We would like to know how a particular news article actually affects the price data on historical data. A human analyst might look at a news article in history, and reason using external domain knowledge about the company, and form an opinion of his own. At this juncture, we are not ready to consider external knowledge for computation, we merely want to find some purely mathematical model that can approximate the effect a news event has on the price data.
In the past, I had generally just worked under the assumption that a good enough approximation would be to ask how the price changed a certain period of time after the news article. In hindsight, I think this is a very naive approach. The problem, primarily, stems from two major sources of confound– temporal interference and spatial interference. Temporal interference refers to interference from news articles proximal in time to the target news article.

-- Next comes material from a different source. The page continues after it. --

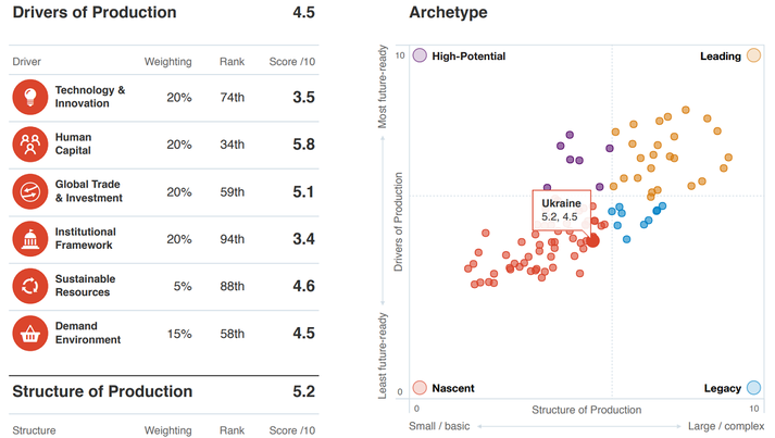 На 25 країн, що увійшли в рейтинг, вже доводиться більш ніж 75% промислової доданої вартості в світі (manufacturing value added, MVA). Всього ж в дослідженні вивчався потенціал 100 країн. Україна серйозними показниками похвалитися не може і увійшла до групи країн, тільки зароджуються можливості до промислової перебудови.

Imagine a corpus having several bad news articles followed immediately by one good news article. In general, we would expect the influence of these bad news articles to outweigh the influence of the good one, and thus we would see a downward price move. Would there be any reasonable way to tease apart these two influences, at least on some approximate level, to better determine the sentiment of a particular news article.
To attempt to find a solution to this problem, we will approach it entirely theoretically. We will first define some assumptions for generating test data sets, and attempt to find an algorithm that can effectively approximate the initial seeds to the problem. In order to do this, we will first use strong assumptions, and then loosen them to more accurately represent what we think might be the case in the real world.
Our assumptions will be as follows:
A) The influence of events is solely responsible for the movement of price.
B) An event affects the price in a linear fashion, according to its sentiment.
C) An event affects the price over some predetermined constant time frame.
This gives us a nice way of generating test data. The goal of using this test data would be to find an algorithm that looks at a corpus and teases out the influence of each event into some coherent model that matches the random seeds we used to generate the test data.
I have a few ideas in mind for how I will solve this problem, but for now I will get to work on generating some test data, and then report back on progress.